1.    That they aren’t good enough.
2.    That they are not loved.

The idea of a workshop, seminar, whatever you want to call it, is to Play full out. If the presenter is the one doing all the work, he gets all the muscle.

The state in which you learn something is the state in which you will apply it. If you listen passively you will get maybe 10% retention. Notes are 50-55% retention, Listen and take notes 90%.

I don’t know how you take notes without listening, maybe borrow them like in college. Maybe just write and not listen. Oh well.  Here, with no sound or visuals you are stuck with reading.

You remember sitting at a lackluster lecture, fighting sleep, the chair gets hard, your legs go to sleep, your butt turns numb.

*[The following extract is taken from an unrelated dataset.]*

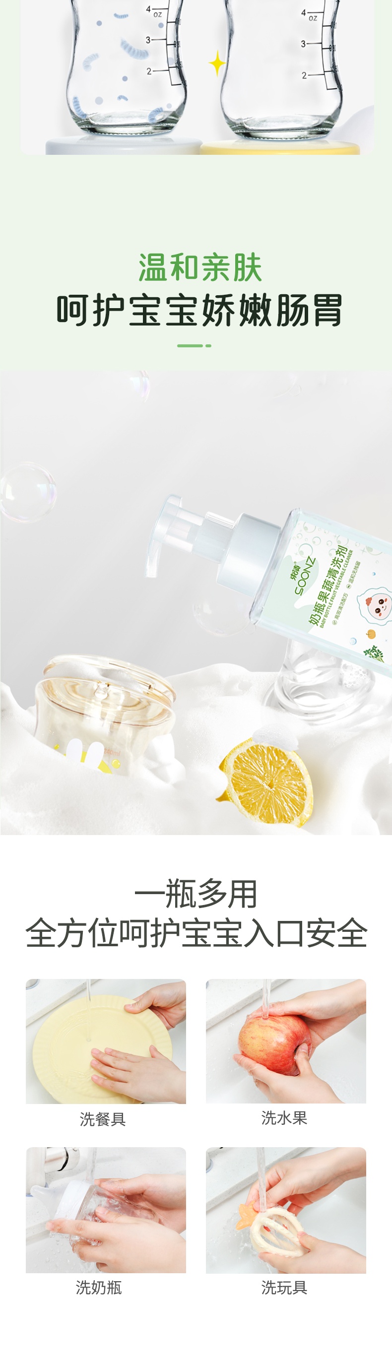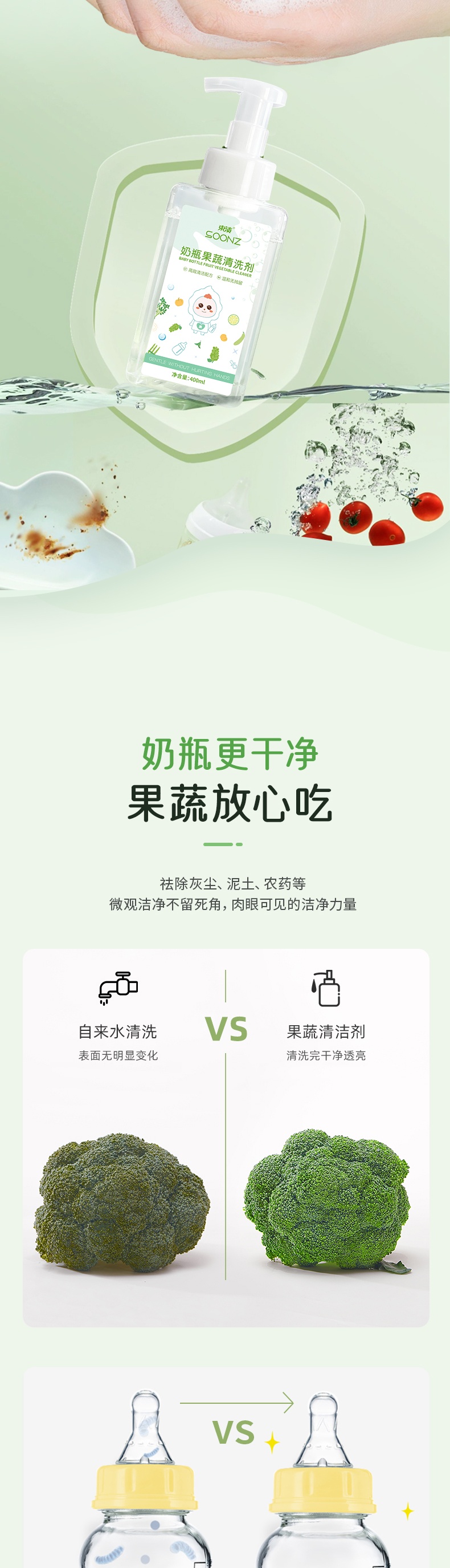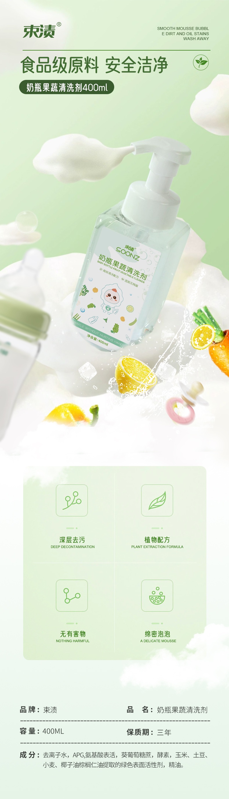 【自营】束渍-奶瓶果蔬清洗剂(400ml)食品级安全去奶渍洗果蔬

And you were paying for it!

Tony Robbins is like the Energizer Bunny on speed. He can go fifteen hours straight, dancing, jumping up and down, yelling at the top of his lungs, and pushing his voice over its limit. (He has damaged it, and takes a day on, a day off.)

When I heard Tony wasn’t going to speak the second day, I thought, Hey, I thought we got Tony for 3 and 1/2 days.

However, Joseph McClendon III won me over. I love him.


His story is that he was homeless for a time sleeping in a box in Lancaster California. You can drive for miles around Lancaster and only see sand and telephone poles—that story comes later.

The reason he was sleeping in a box was that someone tried to kill him because of the color of his skin. He thought, “If someone would do that to me. There must be something wrong with me.”

One day a man gave him a book.

It was Think and Grow Rich by Napoleon Hill.

He read it and went back to the man who had given it to him with the understanding that when someone gives you a gift you ought to give them something in return.

The man said to pass it on, not the book specifically, but the principles and now McClendon is a neuro-psychologist in L.A. and a presenter at the Tony Robbins event. He says it isn’t the motivation, it’s the “Do.”

While McClendon was urging us to believe we rocked, he suggested that when we approach an automatic door where two doors part like a theater curtain, that we swing wide our arms as though we caused it, stand in the open doorway, blow kisses and bow.

He had been doing that. One day he walked with up to the automatic doors at a grocery store with his little 2- year-old son holding on to his finger. You know how toddlers hold your finger? As they approached the automatic doors he felt his son pull away.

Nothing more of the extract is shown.